After Mass, settling in for a cup of coffee at his rectory back at Chiquiquirá, site of the Co-lombia Cathedral of the Virgin of Chiquiquirá, Gutiérrez said his dream is to build an enduring peace on the twin foundations of spiritual and economic renewal.

“The first need of our people is to be educated. People with guns and without education are dangerous,” the prelate said in English. Gutiérrez received his master of arts degree in journalism from Loyola Marymount in Los Angeles after graduating from Javeriana University, the prestigious Jesuit institution in Bogotá.

“Even before money and jobs, our people need a good education,” he said. “We have organized formal and informal education for the people of all ages. The people are poor. They need not only education, but health care and recreation facilities.

“With all the rich, fertile earth around here, they need to develop sound agricultural practices,” he said. “But I think the most important problem is to help the family unit survive, not only economically, but to cut down on the abuse of alcohol and other social problems.”

Gutiérrez, 65, is energetic and enthusiastic. He has been a priest since 1962. He served as the host chief of press when Pope John Paul II visited Colombia in 1986. From 1987 to 1998, Gutiérrez was assigned as titular bishop of Cali. He has been bishop of Chiquinquirá since 1998.

Children flock around him as he walks from a park near the Sacred Heart Cathedral to his home.

“These are my two wives,” he proudly announced in his garage. “The red one I’ve had since 1975,” he said of the mint-condition Volkswagen Beetle. “The parishioners presented it to me when I completed my studies at Loyola.

“The other one [a white, late-model Daihatsu sports utility vehicle] is more functional,” he said. Gutiérrez’ diocese encompasses the rugged mountain terrain of western Boyacá, one of the many insular frontiers scattered around this overwhelmingly Roman Catholic country.

“Our problem, because of the long years of the emerald wars, is poverty. The people spent their money as fast as they made it instead of saving it,” he said.

“We want to see this area develop as a tourist spot and as a source of income for our people and for emerald investors -- national and international,” Gutiérrez said.

“If we can make peace here in western Boyacá, why could not all Colombia learn from this and make peace?” he asked.

Liberation theology does not drive Gutiérrez, his priests or his flock. The incentive is more a pragmatic, basic struggling for social and economic justice with a tad of Catholic fundamentalism thrown in.

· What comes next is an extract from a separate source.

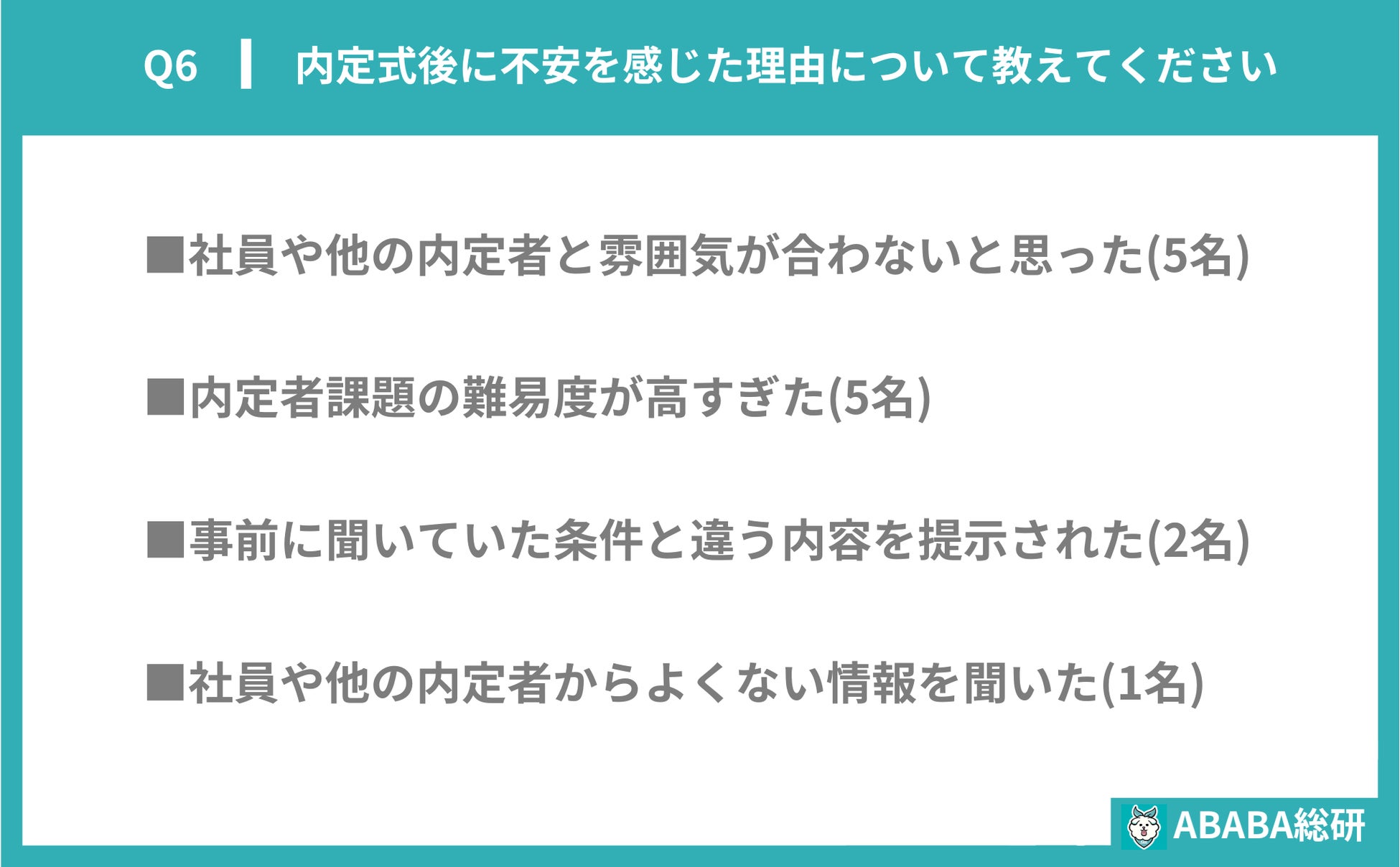 (4)内定式後は「改めてこの会社で頑張ろう」と思った学生が64.1%だった一方で、内定式後に不安を感じた学生も6.8%存在。不安を感じた理由は「社員や他の内定者と雰囲気が合わないと思った」「内定者課題の難易度が高すぎた」など。

“I believe many of our people have the Blessed Virgin Mary of Chiquinquirá in their hearts,” Gutiérrez said. “We can make peace because we are Catholics.”

Peace and prosperity, Gutiérrez said, will only be maintained by money garnered from a successful and fair emerald trade. Money -- investment capital -- he said, is the catalyst necessary to drive the peace that is now planted and being nurtured in the grassroots of western Boyacá. In an attempt to spur economic progress, Gutiérrez has embarked on an ambitious proposal to form a trade and cultural pact with the Alabama Association of Regional Councils, an organization of local government councils in the U.S. state. “We are looking now for the money -- private and public -- so we can set up and execute this proposal, this alianza [alliance], which stands to benefit all the parties in both countries,” Gutiérrez said.

Gutiérrez relishes his assignment here. He travels around the rough mountains to check on his people and the 12 priests in the area, seeing each one every two weeks. “Peace is a reality here. We believe it and we can change for the better, day by day.”

Stephen Flanagan Jackson is associate professor of journalism at Stillman College in Tuscaloosa, Ala., and associate editor of The Latin American Post, the only English-language newspaper in Colombia.